Ahead of the birth, Mayer coordinates with the mother-to-be on placenta pick-up from the hospital. Then she transports the placenta to her Brooklyn home in a cooler — in much the same way medical workers transport hearts and other organs for transplant. There, she steams, dehydrates and grinds it into a powder, which she puts into vegetarian gelatin capsules that new moms can take daily.
In addition to the pills, Mayer offers women the option of a tincture, a solution made by dissolving part of the placenta in alcohol. Regardless of which method they choose, moms who are pro-placentophagy say consuming their placentas helped them feel more energized and less depressed during those first post-delivery weeks. “When moms around the world have a similar experience, it’s pretty compelling,” Mayer says.
However, there is little medical research to back up these claims. A 2016 study by researchers at the University of Nevada, Las Vegas found that consuming placenta after birth does not provide the sort of boost in iron that would contribute to some of the reported benefits. Placenta processing after birth is not regulated by the U.S. Food and Drug Administration, so there are few consumer protections.
Mayer says she is up-front with her clients about all of this, and careful not to make any claims about health benefits. And at the bottom of every page of her website is a disclaimer warning that “information on this page has not been evaluated by the FDA,” that her business makes no “medical treatment claims,” and that customers are solely responsible “for their own health and capsule usage.”
Nevertheless, she typically works with between 15 to 20 clients per month, making pills, tonics and more. Each mother pays between $350 and $400 for pills, depending on the package they select.
Nurturing Women Before and After Birth
Mayer was studying women and gender issues at the University of Colorado and dabbling in doula work when she first learned about placenta consumption in 2006. “The more research I did, and the more I learned about the anecdotal benefits moms were reporting, the more I thought it was an incredible resource not being utilized,” she says.
After earning her degree in 2009, and completing a placenta preparation training course the following year, the New York native moved back to the East Coast and launched Brooklyn Placenta Services in 2010, even as she made a name for herself as a private doula.
A self-funded operation, her placenta business started small, grew slowly and remains small — on purpose, Mayer says, since she “can only process so many placentas” on her own. For now, she isn’t keen to hire people to handle placentas and do the careful work of processing them, preferring to provide the services herself.

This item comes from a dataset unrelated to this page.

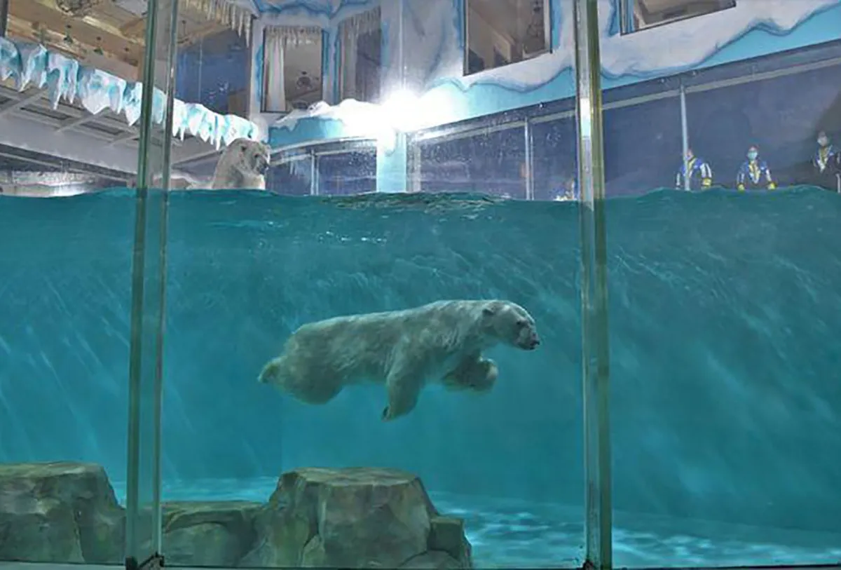 في عام 2016، اجتذب مركز تسوق في مدينة قوانجتشو بجنوب الصين إدانة عالمية بعد ظهور مقاطع فيديو دب قطبي يُطلق عليه اسم «بيتزا»، يطلق عليها اسم أتعس دب قطبي في العالم يرقد على جانبها في سياج بجدار زجاجى. لكن تم نقلها لاحقًا إلى حوض للماء والتقت بوالدتها.

Mayer’s growth business is Baby Caravan, which she launched in 2013. Its network of doulas, together, coach hundreds of New York City families through the birth process each year. She declined to disclose annual revenue figures, but Mayer says Baby Caravan has experienced thirteenfold growth in 2016 when it significantly expanded the number of doulas in its network.
Going forward, she aims to grow Baby Caravan by adding consultation services to help companies and employers better care for moms and dads before, during and after their parental leaves. She has also brought on a marketing person to help spread the word.
Mayer plans on keeping Brooklyn Placenta Services small, but she has been making a name for herself in the placenta business. She has been featured in New York Magazine, the New York Daily News, Vogue and other publications extolling the virtues of placentophagy. Regardless of the naysayers, “We’ve got a lot of bookings this summer,” she says.